4. Voters should know what to do if they run into a problem at the polls. "First, ask for the Chief Inspector," Robinson said. "If you are not satisfied, check with your municipal clerk. If the problem involves possible election crimes, contact your local police department or district attorney’s office. If you are still not satisfied, contact our office to file a complaint or leave a comment.”"
"If you see voter fraud, voter intimidation, electioneering or misconduct by election officials, we want to hear about it," said Robinson. "Voters can go online and report problems at http://gab.wi.gov/complaints, or they can call 1-866-VOTE-WIS."

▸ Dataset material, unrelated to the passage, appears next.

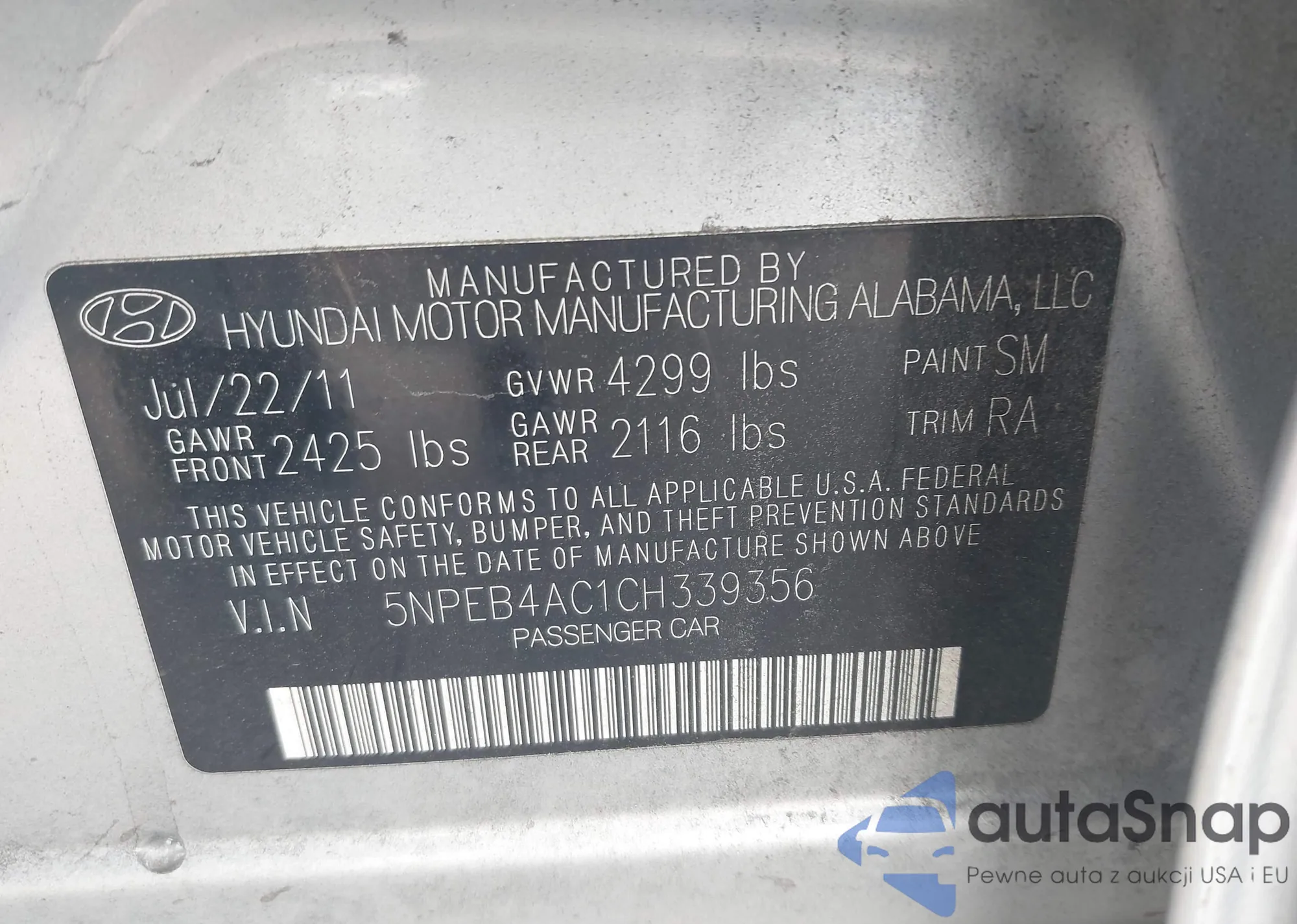 LOT: 43509523 VIN: 5NPEB4AC1CH339356

5. Photo ID is not required: Wisconsin's Voter Photo ID Law has been enjoined by the courts, and an ID is not required of voters at the clerk’s office for in-person absentee voting or at the polling place on Election Day. However, a driver license or state ID number is necessary to register to vote or to prove residency when registering on Election Day if the address on the license or ID is current.
6. Election observers are welcome in Wisconsin: Election observers are welcome at every polling place, but they must follow the instructions of the chief election inspector, and may not interact with voters. Rules for election observers are available at the polling place and on the G.A.B. website: http://gab.wi.gov/clerks/education-training/election-observers.
7. Ballot mistakes are not fatal: If you make a mistake when voting, you may ask for a new paper ballot, up to a total of three. In the case of touch-screen voting equipment, the voter will be able to review ballot choices before affirming the final vote.